Ce néant d’un coup révélé, et le trauma qui en résulte.

Pourtant, malgré ses qualités, le roman pêche par son ton embrouillé et son style manque parfois d’exigence.
L’usage excessif de pronoms relatifs ou de mots de liaison viennent en particulier alourdir le texte. Même si ses phrases très longues, écrites sans discontinuité et sans répit, veulent sans doute traduire la douleur sans fin de ce père époumoné, ou au contraire, la vie qui ne s’arrête pas ? On regrettera aussi la fin bâclée et quelques stéréotypes parisiens et/ou bourgeois peu plausibles… Par ailleurs, le propos sur la résilience arrive trop tard.

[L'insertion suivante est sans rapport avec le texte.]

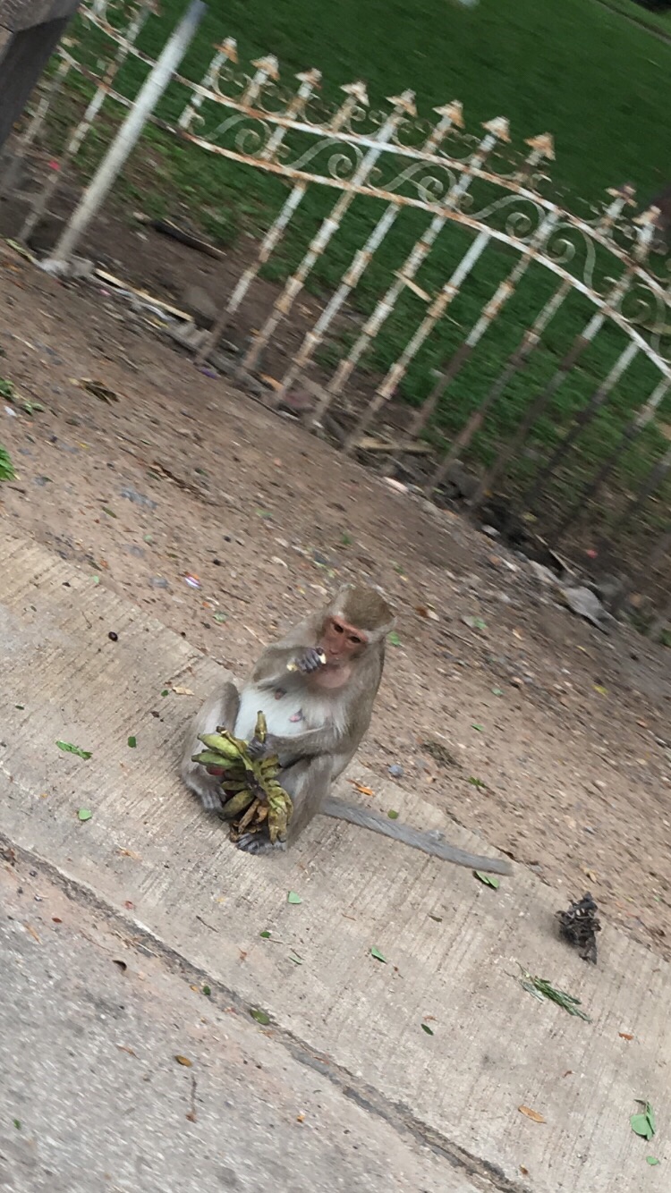 The next morning, a really sweet gentleman picked me up in a Wildlife Friends vehicle. It was about a 2 and a half hour car ride South to Phetchaburi. On the way, we stopped at what is called, “monkey mountain”. It is exactly what it sounds like. This mountain is literally taken over and ruled by monkeys. Honestly just like the Jungle Book. This lush green mountain was FLOODED with Makak’s. Such a funny and insane sight to see.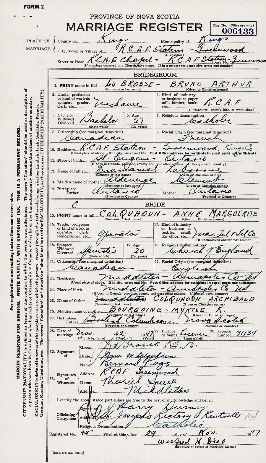 28. Date of marriage November 22 1947 29. By license or banns License 30. License number 91134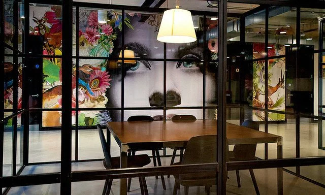 Maria's work has just been featured in a glossy, London office block, where Frieda's face graces the whitewashed walls...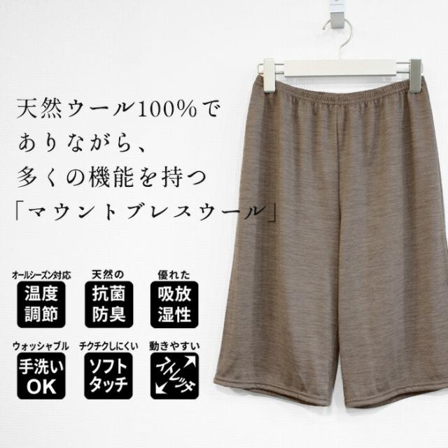 呼吸するウール ペチパンツ 膝丈 日本製 / メリノウール インナー アンダーウェア 40代 50代 60代 女性 メリノウール インナーパンツ ペチコートパンツ マウントブレスウール ウール100% 防寒対策 あったかインナー 透け防止 暖かい タップパンツ 防寒 冬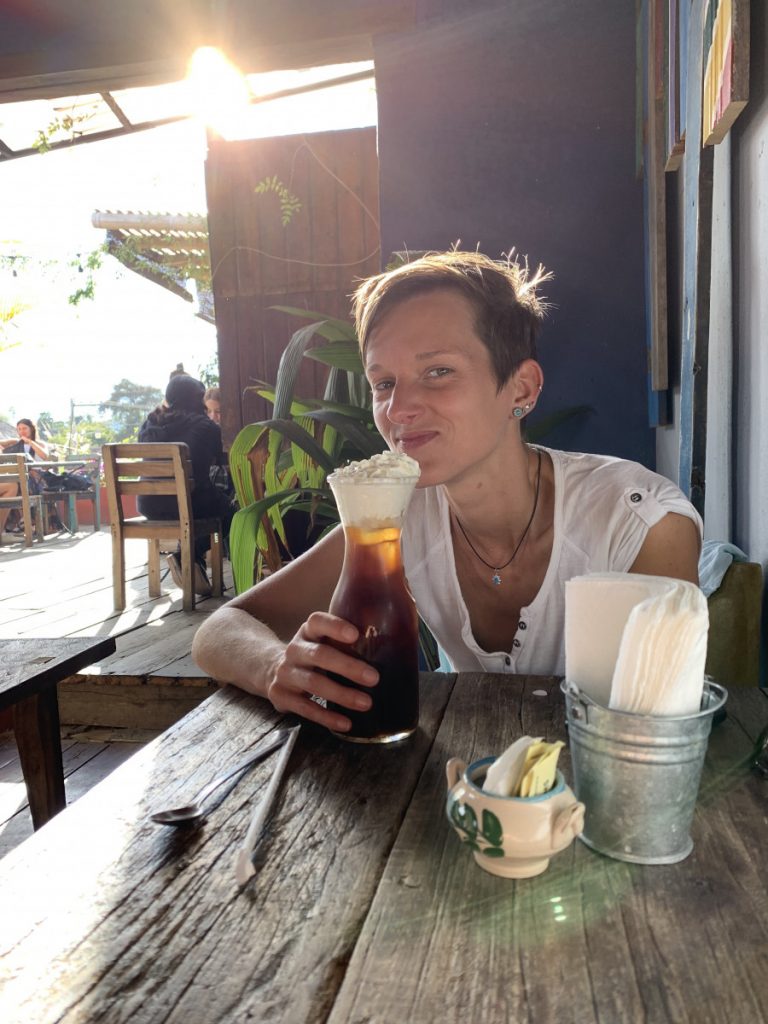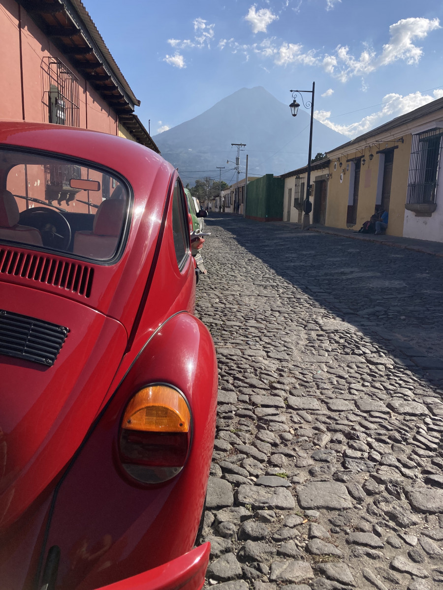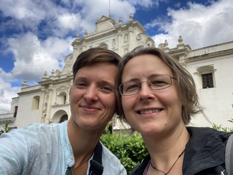 Von Lanquín ging es weiter nach Antigua – eine von Vulkanen umgebene Kleinstadt im Süden Guatemalas, die für ihre Architektur aus der spanischen Kolonialzeit bekannt ist. Da wir nicht wussten, wie anstrengend die Fahrt durch die Berge wird, legten wir einen Zwischenstopp für eine Nacht in Cobán ein. Erst schien es eine entspannte Fahrt zu werden, doch der Fahrer langweilte sich schnell und schaute nebenbei Videos auf seinem Handy und schrieb WhatsApp Nachrichten. Nichts für sicherheitsbedürftige Europäer*innen – vor allem, wenn entgegenkommende LKWs geisterfahrermäßig auf der Gegenfahrbahn überholen. Letztendlich geht nur: Augen zu und durch!

Mais Fargues sait toujours aussi bien dénoncer les travers de ses contemporains, le ballet acide des familles décomposées, des rencontres forcées jusqu’à ses thèmes de prédilection: le rapport à l’autre, la lâcheté de l’homme moderne, le racisme ordinaire, les dîners mêlant snobisme, fausse compassion et manières affectées…

« Tu verras » est un roman sombre et pessimiste sur la paternité, malgré tout vécue comme une grâce. Un roman violent et cru et pas seulement parce qu’il raconte une tragédie moderne. C’est une réflexion pointue et sensible sur l’éducation, l’amour parental, l’incommunicabilité entre les êtres, les ruptures et les passages, nos remises en cause d’adulte et les étapes qui jalonnent l’existence. [Laurence Biava]

Photo d’Anne-Laure Bovéron

Extrait choisi de « Tu verras » :
« Clément avait hoché la tête en me fuyant du regard, terrorisé à l’idée d’être aperçu en présence de son papa par un groupe bruyant de scolaires présent dans la salle, plus soucieux qu’il était de porter son jean suffisamment bas et ses baskets suffisamment délacées que de me plaire à moi en faisant semblant d’apprécier les couchers de soleil de Turner. « Je ne t’ai pas amené à Londres pour te voir faire ta tête d’ado en crise ! ». Je l’avais froidement tancé en l’attrapant par le bras, prenant une revanche sadique à observer son visage se décomposer face au groupe de scolaires. Avant d’ajouter : « Là, maintenant, ça te passe complètement dessus de la tête, Turner. Mais plus tard, quand tu seras grand, lorsque tu entendras le nom de Turner, eh bien, tu te souviendras de ce tableau et tu me remercieras de t’avoir amené ici, tu verras ». ».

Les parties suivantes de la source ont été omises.